Подняв меня, Миранда взглянула на меня с новым интересом. С интересом, которого я определенно у нее не замечал, когда мы оставались с ней наедине.
— Уничтожали книги? — воскликнула она, не в силах сдержаться. — Это варварство.
— Миранда, это делали всегда, во все эпохи. То, что ты сейчас можешь прочесть, — весьма специфическая, тщательно отобранная диета. Книги уничтожали со времен Реформации. По крайней мере, в наши дни их не сжигают вместе с авторами.
— Этим ты и занимаешься, да? Сжигаешь книги.

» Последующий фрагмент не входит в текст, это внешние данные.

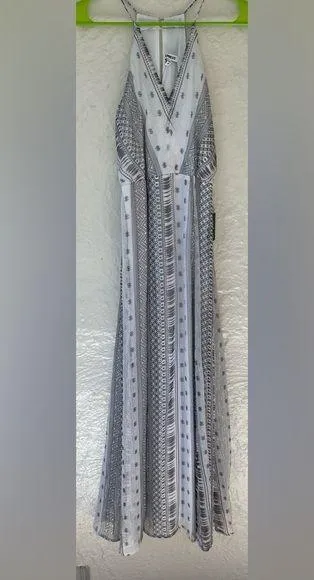 NWT Express fully lined, silver, white halter neck, back slit maxi dress; XS Gray - $36 (72% Off Retail) New With Tags - From Kate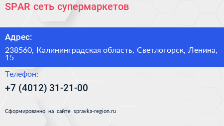 SPAR, сеть супермаркетов по адресу 238560, Калининградская область, Светлогорск, Ленина, 15 в дальнейшем Организация, размещена в следующих категориях:

— Нет-нет, необходимость в этом почти отпала, теперь, после пятидесятых годов, после Заговора.
— Заговора.
— Да. Избавляться от подрывной литературы и глушить революционные голоса всегда было в финансовом отношении трудно для развитых стран, в которых обеспечивался высокий уровень грамотности населения. А тогда, после русской революции и Первой мировой войны, все поняли, что новой угрозой станут электронные средства массовой коммуникации. Радиопередачи, телепередачи и так далее, их уже никак не сожжешь. Поэтому первым делом изобрели мыльные оперы, ситкомы и тридцатиминутные драмы, чтобы наводнить эфир эскапизмом, уходом от реальности, и отвлечь оболваненное население от потенциально опасных передач. Законы о лицензировании радиостанций, дележ диапазонов волн и тому подобное; самые крамольные идеи просто не доходили до публики. Потом, в конце сороковых годов, когда даже эти стратегии выглядели слабенькими по сравнению со сверхмощными пропагандистскими машинами, созданными во время Второй мировой войны, — сейчас мы их называем «массмедиа» — международная правительственная ассоциация секретных служб и составила «Заговор».

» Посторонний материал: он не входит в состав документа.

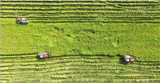 10月15日,在金华经济技术开发区苏孟乡后徐村,1160亩晚稻进入收割期。连片农田稻浪翻滚,大型收割机穿梭作业,一派丰收景象。据了解,该地块曾因高压电塔分割、耕地碎片化等问题,长期属于低效利用土地,土地综合整治后,蜕变为连片千亩良田。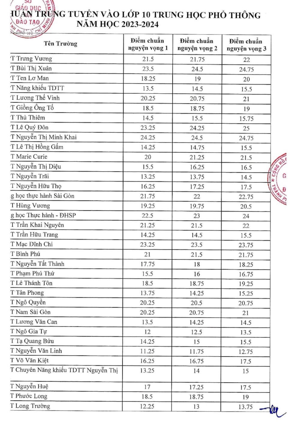 Điểm chuẩn lớp 10 vào các trường THPT công lập 2023 - 2024 tại TP HCM như sau:

— Заговор? Так, значит, действительно существует заговор внутри всемирного заговора? Ты об этом говоришь? Теперь я все поняла, Фердинанд, или как там тебя зовут на самом деле. Думаю, тебе бы не вредно получить немного квалифицированной помощи.
— Я знаю, это звучит дико, но это именно так. «Заговор» — это программа, система, созданная секретными службами для распространения всякого рода слухов. Во-первых, благодаря слухам государства и правительства выглядят гораздо могущественнее, чем они есть, — выглядят для тех, кто хотел бы в это верить. Но главное, выдумывая такие теории на грани абсурда, мы нейтрализуем, лишаем силы все настоящие революционные идеи, потому что, стоит только кому-нибудь повести речь о «Заговоре», как его сразу сочтут параноиком, вполне созревшим для дурдома. Поэтому никто ничему не верит, и сохраняется статус-кво. А все, что требуется, — небольшое смещение в общественном сознании смысла слова «заговор», ну, и классическая практика распространения всеобщей «иронии», так чтобы уже не оставалось ничего твердо установленного, абсолютного. Поверь мне, эта простая деталь пропагандистской машины почти до нуля сокращает стоимость цензуры в печати и в эфире. Подрывные идеи можно без опаски обнародовать, они сразу отправятся в утиль как «теории о всемирном заговоре». Осмеянные, непризнанные, сваленные в одну кучу с состряпанными нами идиотическими выдумками.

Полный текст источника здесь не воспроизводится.